------ Data ------

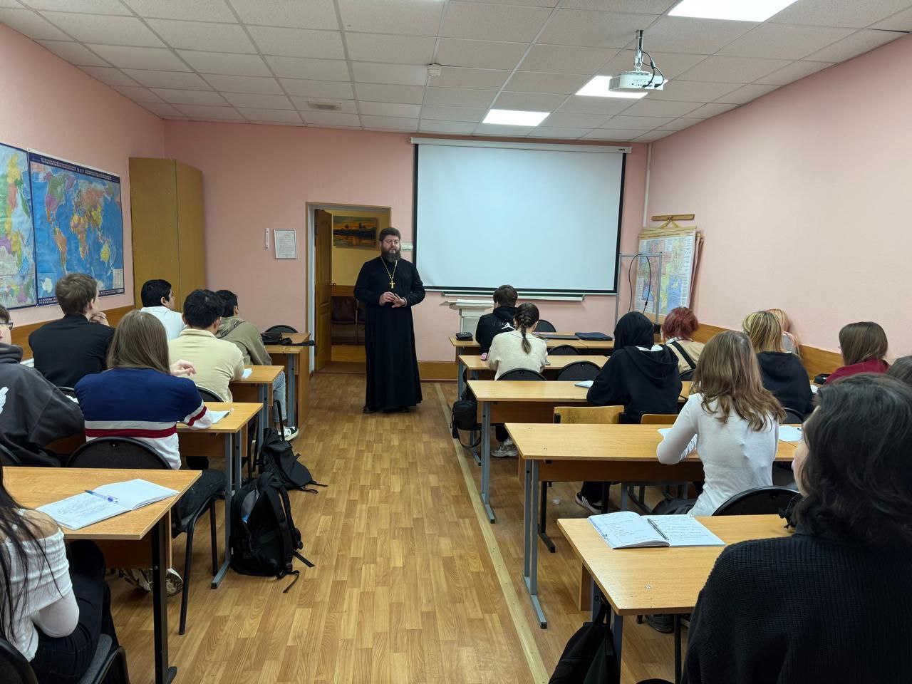 10 ноября 2025 года в рамках дисциплины "Обществознание" клирик Георгиевского храма в городе Видное иерей Олег Осадчий провел для студентов первого курса колледжа беседу на тему:
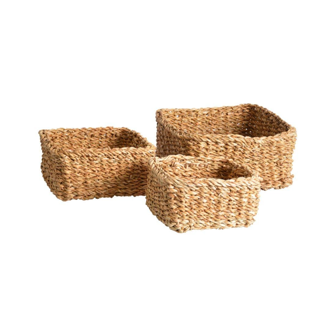 Denne firkantede lave kurv af søgræs er et fremragende valg for alle, der søger en kombination af naturligt udtryk og funktionalitet. Den er håndflettet af rent naturmateriale, som er skånsomt for miljøet og samtidig virker elegant i enhver indretning.
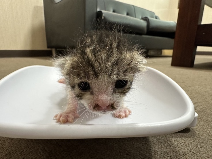 預かって体重を計ってみると72gと70gの未熟児たち。子猫の正期産では100gが普通の体重です。人間の赤ちゃんなら2000g程度しかありません。猫には保育器もNICUもありません。普通なら諦めてしまうような小ささですが、ここで当会のスーパーミルクボランティアの登場です。冷えた体を温め1、2時間おきの授乳、排せつの日々が始まりました。
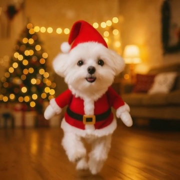 Place it on a festive Christmas stage with warm lights, decorations, and light snowfall.
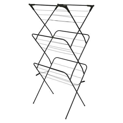 Harbour Housewares 3 Tier Foldable Clothes Airer - Black - 1x Indoor Outdoor Home Kitchen Balcony Compact Portable Folding Collapsible Laundry Clothing Washing Drying Dryer Hanger Rack
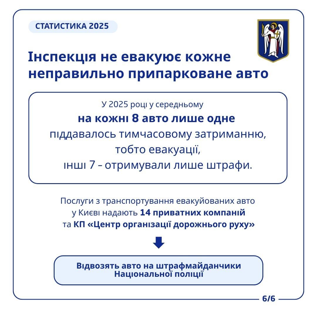 За даними інспекції з паркування, за 2025 рік у Києві було зафіксовано майже 400 тис. випадків порушення правил зупинки та стоянки. Проте евакуація залишається винятковим заходом: на штрафмайданчик відправляють лише кожну восьму автівку, що реально перешкоджає руху громадського транспорту, спецслужб або блокує виїзди.
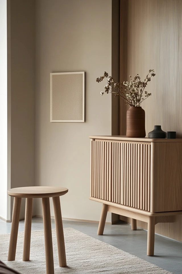 Wooden furniture adds warmth and texture to the minimalist aesthetic, grounding the space in natural materials.
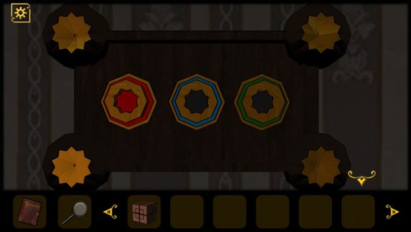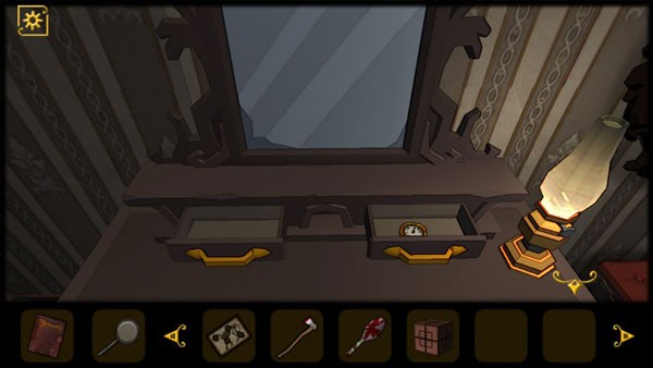 9、从镜子下面的抽屉中获得手表,点击之前获得的魔方道具,,点击搜索按钮将墙上的小魔方拼成获得的魔方一样的图形即可解谜拿到宝石道具

------

** Work to complete **
Transcribe exactly the line that contains "За даними інспекції" and each line after it through the end of the listing. Leave out the pictures.

** Your solution **
 За даними інспекції з паркування, за 2025 рік у Києві було зафіксовано майже 400 тис. випадків порушення правил зупинки та стоянки. Проте евакуація залишається винятковим заходом: на штрафмайданчик відправляють лише кожну восьму автівку, що реально перешкоджає руху громадського транспорту, спецслужб або блокує виїзди.
 Wooden furniture adds warmth and texture to the minimalist aesthetic, grounding the space in natural materials.
 9、从镜子下面的抽屉中获得手表,点击之前获得的魔方道具,,点击搜索按钮将墙上的小魔方拼成获得的魔方一样的图形即可解谜拿到宝石道具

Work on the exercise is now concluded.